Each fire service organization must promote safe practices; each individual must have the tools to be safe and adhere to safe practices at ALL TIMES.
Focus greater attention on the integration of risk management with incident management at all levels, including strategic, tactical, and planning responsibilities.
Learn the concept of “Risk Management”; Ensure everyone understands the difference between an acceptable risk and an unacceptable risk.
Develop and implement a system to pre-identify unacceptable risks.
All firefighters must be empowered to stop unsafe practices.
Firefighters must be allowed to identify and report unsafe practices. They must be able to stop activities that present imminent harm to themselves or others, without fear of penalty or reprisal.
Develop and implement national standards for training, qualifications,
and certification (including regular
re-certification) that are equally applicable to all firefighters based on the duties they are expected to perform.
Fire service departments are recognizing national certification standards as a way to measure the competency of their members. National standards encourage departments to operate at higher levels of effectiveness.
Develop and implement national medical and physical fitness standards that are equally applicable to all firefighters, based on the duties they are expected to perform.
In this profession, health and wellness are non-negotiable. Departments should establish and enforce SOPs which support wellness. Individuals must embrace wellness as a strategy for successful fire service careers or seek employment elsewhere.
Create a national research agenda and data collection system that relates to the initiatives.
We won’t know if we are living the initiatives if we do not collect data. Data analysis is the key to making any course corrections regarding the Life Safety Initiatives. It will also provide important corollary data.
Utilize available technology wherever it can help produce higher levels of health and safety
It is irresponsible not to use technology when it can improve safety outcomes. Technological solutions should be a leverage and a tool for improving fire ground safety.
Thoroughly investigate all firefighter fatalities, injuries, and near misses.
Even if your organization is uncomfortable with sharing information about a fatality, injury, or near-miss incident, it is a moral obligation to do so. Knowing what happened can prevent it from happening again.
Grant programs should support the implementation of safe practices and / or mandate safe practices as an eligibility requirement.
There is grant money available for you to begin implementing the initiatives. Grants should however, be tied to increasing safety measures.

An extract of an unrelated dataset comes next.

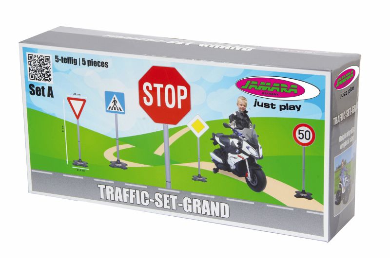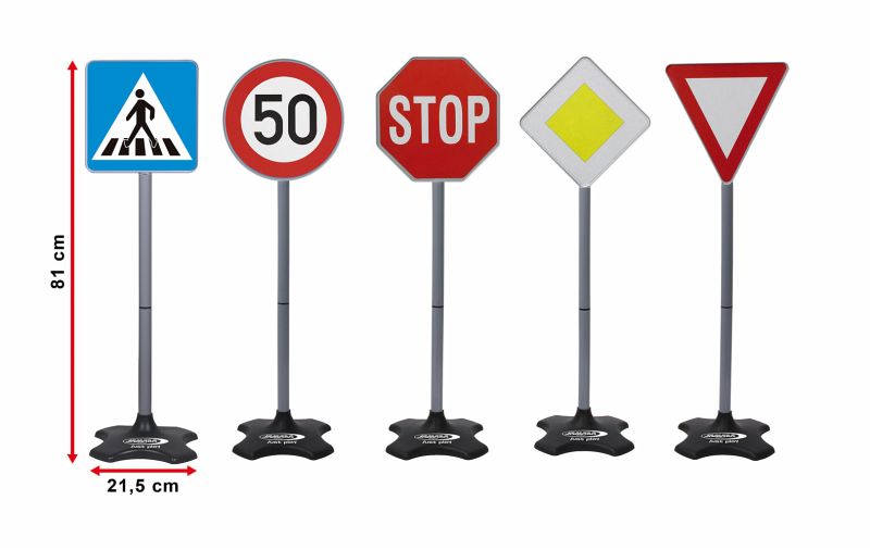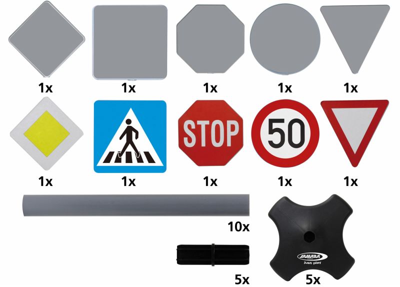 Sicherheit im Straßenverkehr spielerisch trainieren mit den Verkehrsschilder-Sets von Jamara. Mit jeweils 5 verschiedenen Straßenschildern im Set können die Kleinen spielerisch die wichtigsten Verkehrsregeln und Verhaltensweisen im Straßenverkehr erlernen. Die Verkehrszeichen eignen sich auch hervorragend für den Einsatz als Lern-Parcours im Unterricht. Die Schilder bestehen aus stabilem aber leichtem Kunststoff, sodass sich die Kinder bei einem Zusammenstoß nicht verletzen können. Jedes Verkehrsschild besteht aus 4 Elementen, die sich kinderleicht zusammenstecken lassen. Ergänzend zu den Verkehrsschildern bietet Jamara die passende Ampel.Highlights:- Set mit 5 verschiedenen Verkehrsschildern: Stop, Fußgängerüberweg, Höchstgeschwindigkeit 50, Achtung, Vorfahrtstraße- Leichte Montage durch zusammensteckbare Elemente- Robuster, leichter Kunststoff

No safe practices / no grant.
National standards for emergency response policies and procedures should be developed and championed.
National Standards for emergency response policies and procedures should be developed. At the local level, departments may have to increase response times to “arrive alive.”

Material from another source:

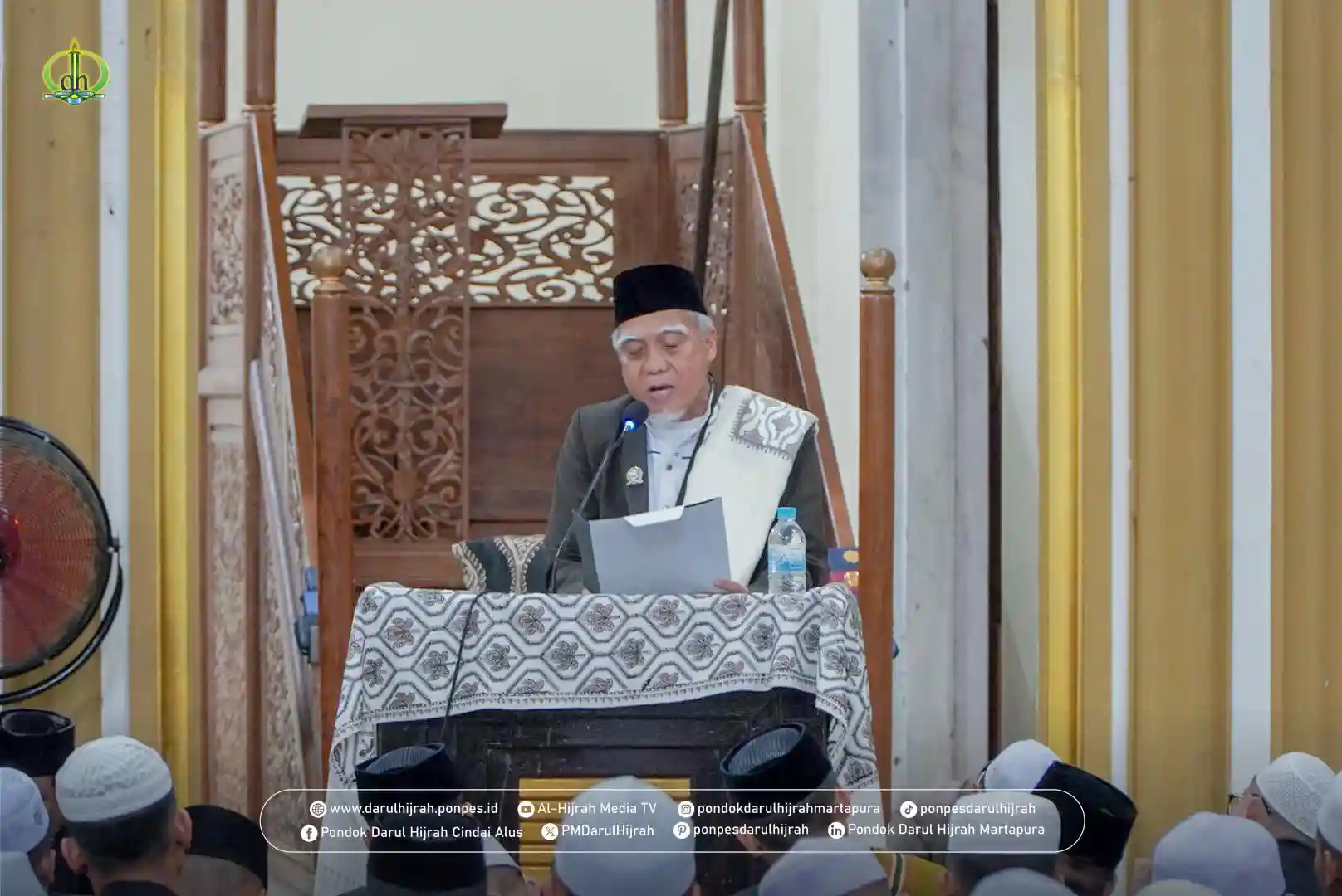Setelah shalat tarawih, seluruh santri berkumpul di Masjid Nurul Anshar Darul Hijrah. Pimpinan Pondok Darul Hijrah Cindai Alus, Drs. K.H. Muhammad Nasrul Mahmudi, memberikan tausiyah kepada para santri agar liburan mereka tetap penuh manfaat dan keberkahan.

National protocols for response to violent incidents (including terrorism) should be developed and championed.
Fire and EMS workers deserve to have policies which will reduce their exposure to all threats of violence.
Firefighters and their families must have access to counseling and psychological support
Firefighting is a high-risk occupation which, from time to time, can put the employee and his or her family under extreme stress. They deserve access to mental health care.

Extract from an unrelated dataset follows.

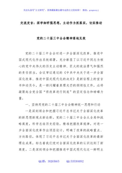 / 交流发言:深学细研强思想,主动作为抓落实,切实推动党的二十届三中全会精神落地见效

Public education must receive more resources and be championed as a critical fire and life safety program
Public Education is a responsibility of all fire service personnel. It should not be reserved for one week in October. Increased civilian awareness will decrease firefighter risks.
Advocacy must be strengthened for the enforcement of codes and the installation of home fire sprinklers
The widespread use of residential sprinklers will improve outcomes for civilians and decrease firefighter injuries and LODDs.
Safety must be a primary consideration in the design of apparatus and equipment.
Encourage your department to make “safety” the highest priority in equipment and apparatus purchases — as high as design and price.